Experimental study to improve the performance of solar still desalination by hydrophobic condensation surface using cold plasma technology

Abstract

Improvement of solar still desalination performance has become the agenda of researchers in recent years to be able to make the most of the development of such systems in times of crisis and water scarcity. In the current experimental study, using two solar still desalination systems, the effect of cold plasma coat using Dielectric Barrier Discharge (DBD) on the condensation surface is investigated. To achieve this goal, two still solar systems are tested under the same climatic conditions to demonstrate the effects of the cold plasma coating on the condensation surface wettability and hydrophobicity. Additionally, influence of plasma layer on the internal condensing surface temperature and freshwater production rate is examined.
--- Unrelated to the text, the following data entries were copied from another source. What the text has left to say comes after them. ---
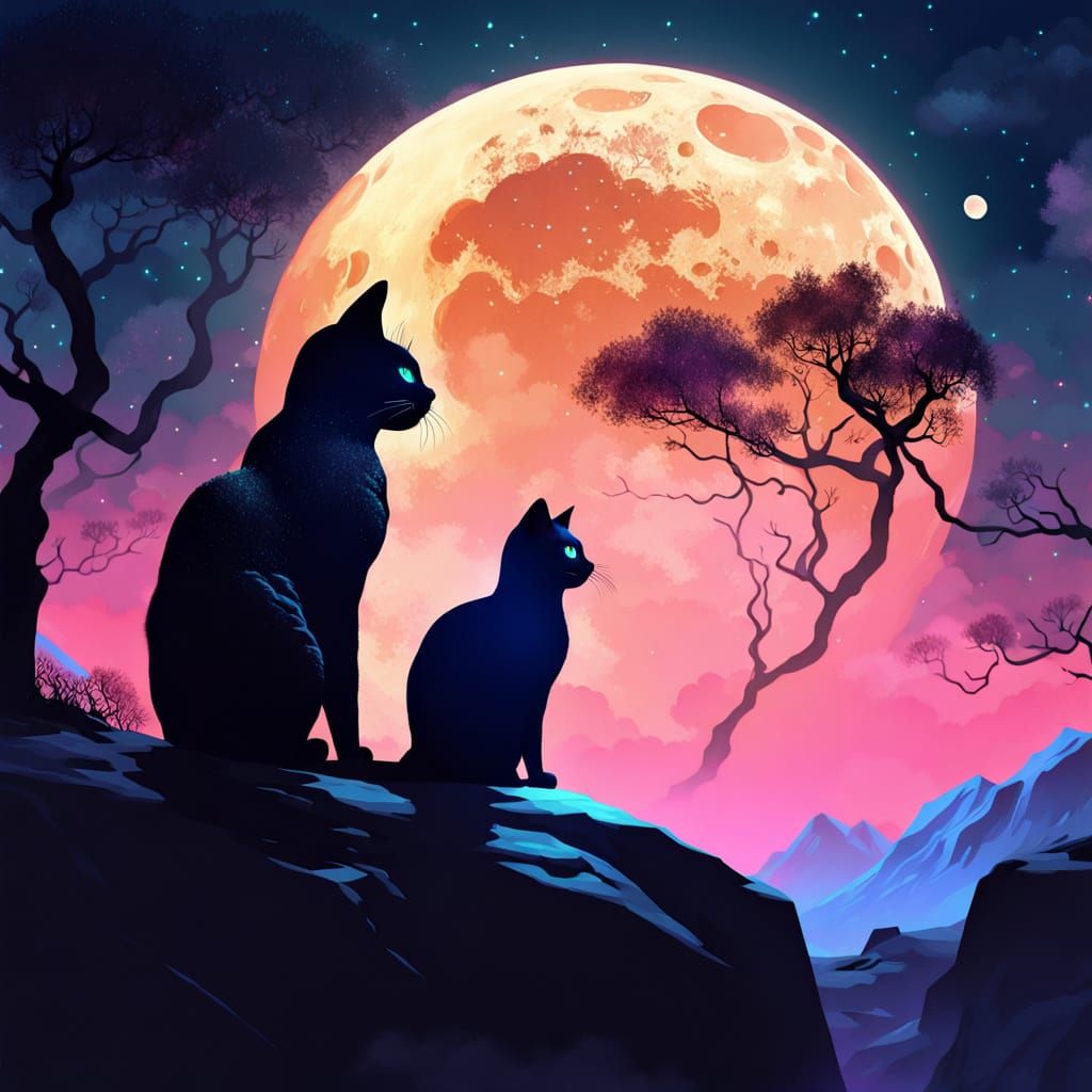 Easily generate your own surreal moonlit images with our free AI image generator, featuring cats and magical scenes.
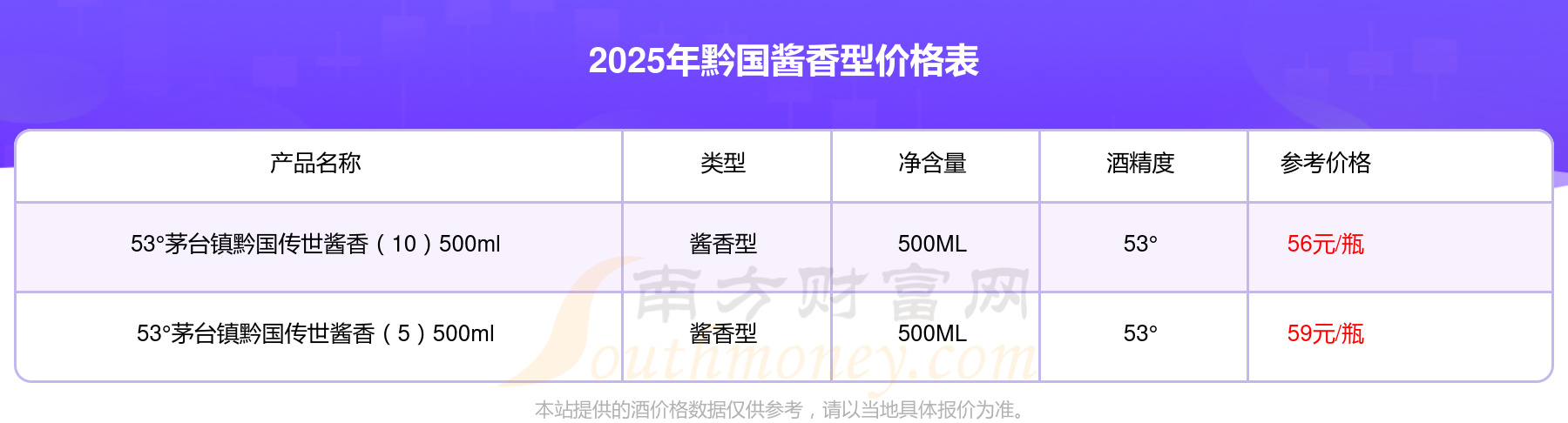 目前,黔國醬香型酒價(jià)格最高的酒為53°茅臺(tái)鎮(zhèn)黔國傳世醬香(5)500ml,參考價(jià)59元/瓶,而黔國醬香型酒價(jià)格最低的是53°茅臺(tái)鎮(zhèn)黔國傳世醬香(10)500ml,參考價(jià)56元/瓶,價(jià)格高低差為3元/瓶。
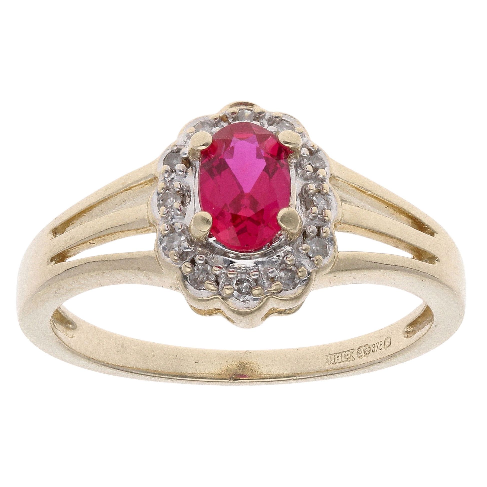 9ct Yellow Gold 0.05ct Diamond and Created Ruby Cluster Ring
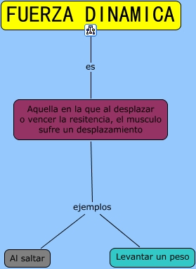 Este Cmap, tiene información relacionada con: fuerza dinamica, Aquella en la que al desplazar o vencer la resitencia, el musculo sufre un desplazamiento ejemplos Al saltar, FUERZA DINAMICA es Aquella en la que al desplazar o vencer la resitencia, el musculo sufre un desplazamiento, Aquella en la que al desplazar o vencer la resitencia, el musculo sufre un desplazamiento ejemplos Levantar un peso
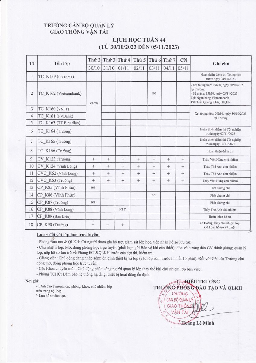 Lịch học tuần 44 (từ 30/10/2023 đến 05/11/2023)
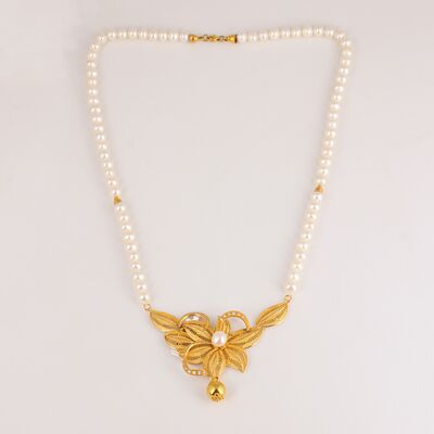 Gelince Haber Ver Altın kolye 22 ayar altından üretilmiştir. Telkari yaprak model kolye 52 cm uzunluğundadır. Kolye ucu 8 cm'ye 7 cm boyutlarındadır. Kolye inci ve zirkon taşlıdır. Ağırlığı 27,63 gramdır. Verilen gramlar yaklaşıktır, değişebilir.
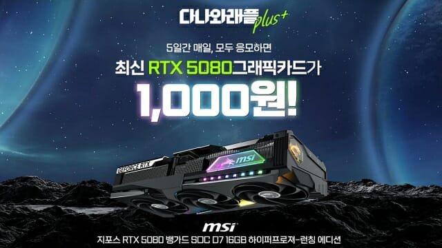 다나와는 10일부터 14일까지 5일 연속으로 래플 게시판에서 결제한 응모자를 대상으로 추첨을 통해 1명에게 지포스 RTX 5080 그래픽카드를 1천원에 판매 예정이다.
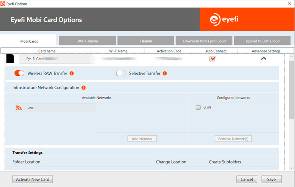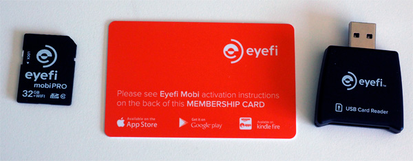 Подключается очень просто. С сайта скачивается и устанавливается приложение (айфон, андроид, десктоп), в приложении нужно выбрать Add an EyeFi Mobi Card, после чего нужно ввести код с пластиковой карты.

Experimental results show that the contact angle between water droplets and glass cover after using plasma coating will increase, which increases the surface hydrophobicity. Results reveal that the amount of produced fresh water in the uncoated surface desalination system equivalent to 485 ml, while in the system with cold plasma, the maximum productivity with the maximum average solar radiation of 1000 W/m2 and the absorber wall temperature of 70.1 °C, and surface angle of 35° in the experiment day is about 610 mL. Additionally, calculations represent that the produced freshwater using plasma coating increases by 25.7% compared to the uncoated system. The quality of lab-prepared saltwater samples was analyzed before and after desalination, and the results comply with the World Health Organization guidelines for drinking water quality.